[Records to use]:
──────────────────────────────
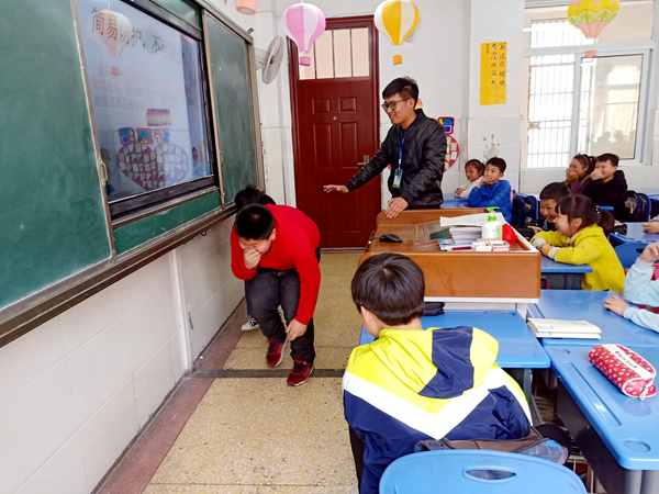 本次环教课环旨在把有关自然灾害的各种常识以及灾害中的自救技能准确地传递给学生,增强小学生灾难应急自救能力。活动现场,环境保护协会志愿者同学们作为“小讲师”,先后从自然灾难分类,溺水、踩踏、电击等几类常见突发危机的应急处理,以及心肺复苏术等方面对学生们进行了专项宣教,并指导学生们利用模型人进行现场实践,现场活动氛围热烈,教学效果良好。
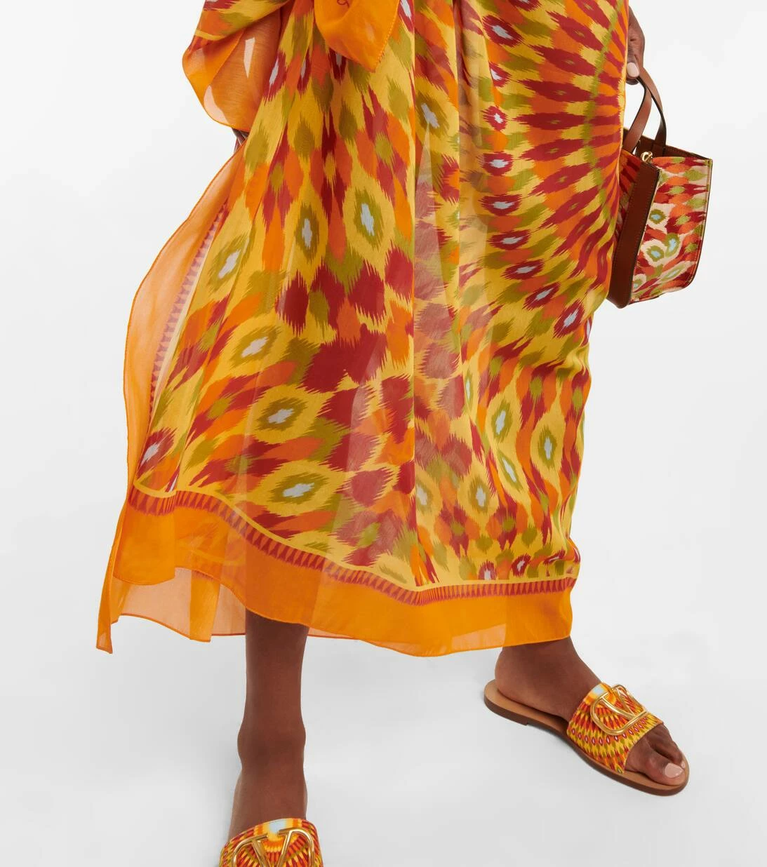 Valentinos exklusive Escape Capsule Collection für Mytheresa präsentiert Styles, die wie geschaffen für einen unvergesslichen Sommer sind. Dieser Pareo wurde aus Seide und Baumwolle gefertigt und mit dem bunten Round Rain-Print akzentuiert.
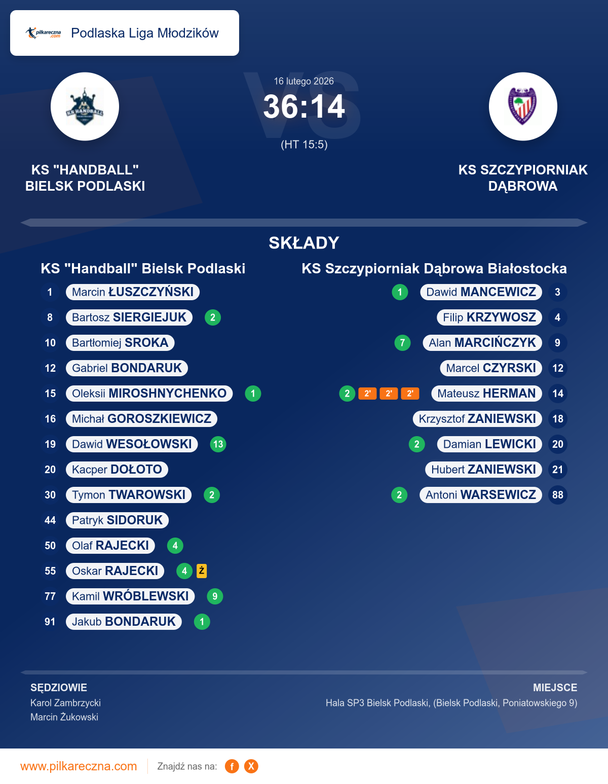 KS "Handball" Bielsk Podlaski 36–14 KS Szczypiorniak Dąbrowa Białostocka
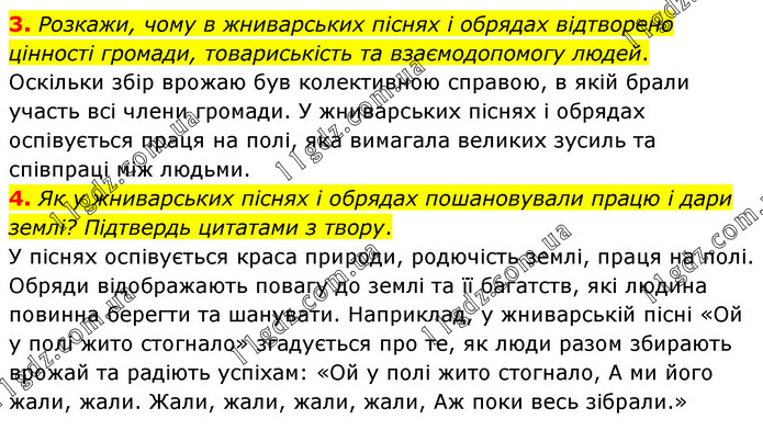 3. Розкажи, чому в жниварських піснях і обрядах відтворено цінності громади, товариськість та взаємодопомогу людей. Оскільки збір врожаю був колективною справою, в якій брали участь всі члени громади. У жниварських піснях і обрядах оспівується праця на полі, яка вимагала великих зусиль та співпраці між людьми. 4. Як у жниварських піснях і обрядах пошановували працю і дари землі? Підтвердь цитатами з твору. У піснях оспівується краса природи, родючість землі, праця на полі. Обряди відображають повагу до землі та її багатств, які людина повинна берегти та шанувати. Наприклад, у жниварській пісні «Ой у полі жито стогнало» згадується про те, як люди разом збирають врожай та радіють успіхам: «Ой у полі жито стогнало, А ми його жали, жали. Жали, жали, жали, жали, Аж поки весь зібрали.»
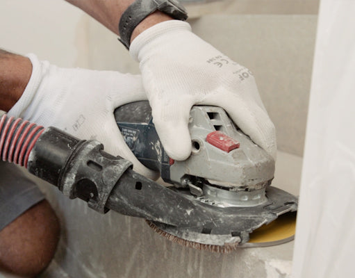 1. Before applying microcement to the tiles, roughen them with a sander.
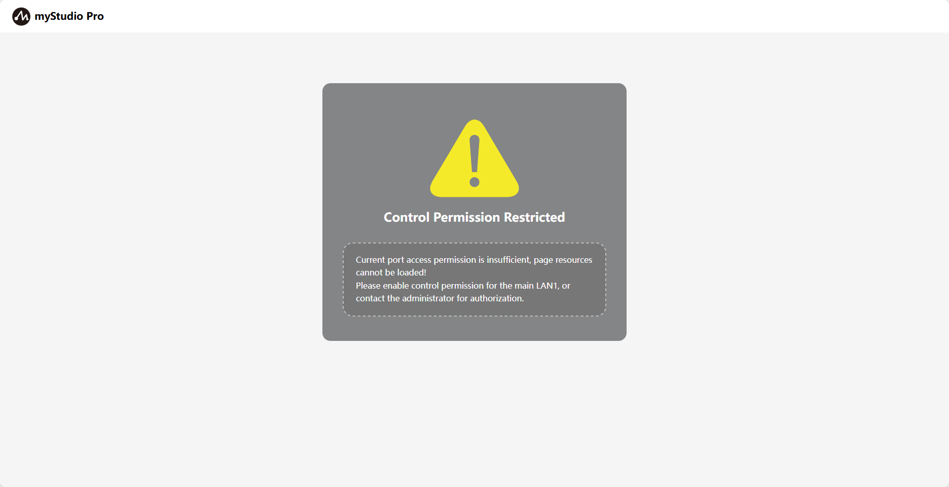In your browser, enter the IP address of your WLAN port to access myStudio Pro (Wi-Fi connected & control permissions not enabled).
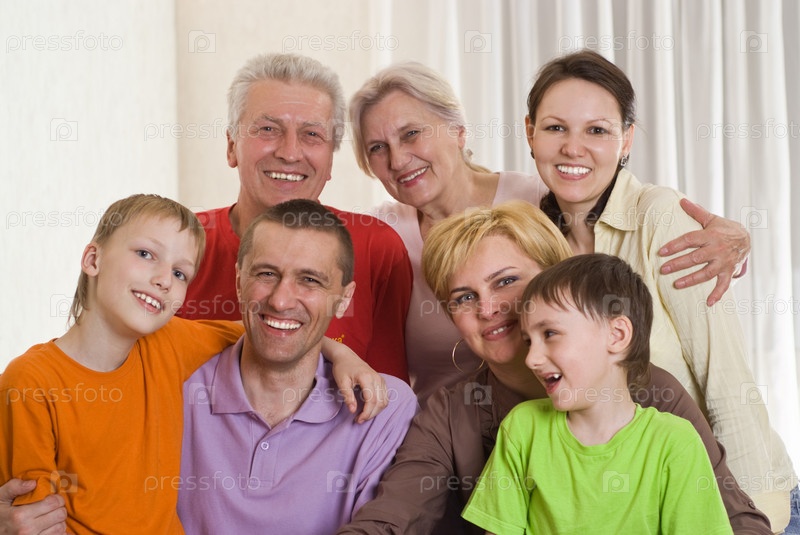 Портрет счастливой семьи из семи человек
──────────────────────────────
[Task details]:
All lines from the line containing "1. Before applying" through the end of the listing above are to be given again exactly; pictures are not part of the copy.

[Response]:
 1. Before applying microcement to the tiles, roughen them with a sander.
In your browser, enter the IP address of your WLAN port to access myStudio Pro (Wi-Fi connected & control permissions not enabled).
 Портрет счастливой семьи из семи человек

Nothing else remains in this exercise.